Release Date: 2004 | Tracklist

Review Summary: Pop-Punk Nostalgia In CD Form.

For as much as I loathed it when I attended, I have mostly fond memories of my high school experience. As a chronic underachiever I never really worried about grades or homework, I was just there to have fun and make the best of it. Ironically my time in school was spent much like my time on Sputnik. There would be a group of us in the back of the class room completely ignoring whatever topic was being lectured on in favor of comparing two alike but completely different bands. Someone would call someone else a faggot, the rest of us would take sides, and the conversation would abruptly end. Sometimes it seemed that the only band that my circle of friends could actually agree on was Normal Like You. Their pseudo-technical take on pop-punk was edgy enough for the scene kids and was catchy enough for those who spent the rest of their high school career crying over the demise of Blink-182.
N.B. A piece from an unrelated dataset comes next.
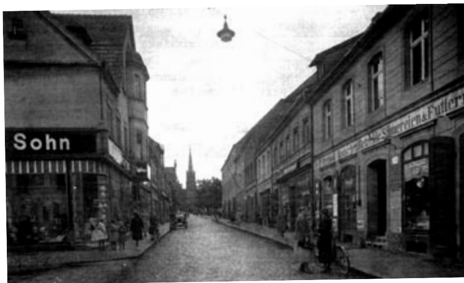
Twardogóra na starej fotografii

Wstęp od 23 kwietnia (pt); bilety: 25 zł/dzień, 15 zł - ulgowy (dzieci, młodzież ucząca się, emeryci/renciści), karnet na 3 dni - 50 zł i 30 zł. Do 22 kwietnia bilety w cenie 5 (normalny) i 3 zł (ulgowy).

Despite being only 17 minutes long, the five tracks presented on Normal Like You's The Worst of Many Flaws have become intertwined with my high school experience. Like any pop-punk album released this decade, The Worst of Many Flaws has its fair share of catchy hooks and infectious melodies. The best example of this is the EP's obvious standout track "Patience Is a Virtue". With its rumbling bass, finger tapped verses and melodic breakdown of an ending its obvious why the song has become a fan favorite. The closing track "Help Wanted" follows on a similar path as it's weaving guitar lines build to a somewhat dated but still entertaining breakdown laden sing-a-long chorus. But ot everything is perfect as there a couple problems with The Worst of Many Flaws. "My Intentions" is the EP's ballad and it has the burden of being sandwiched right in between the two heaviest songs on the EP. This drastically kills the momentum that was built over the previous three tracks. The other issue is vocalist Jon Williams. Throughout most of the EP he's a more than competent vocalist but when he falters it can be a distraction as it tends to lead to some flat notes.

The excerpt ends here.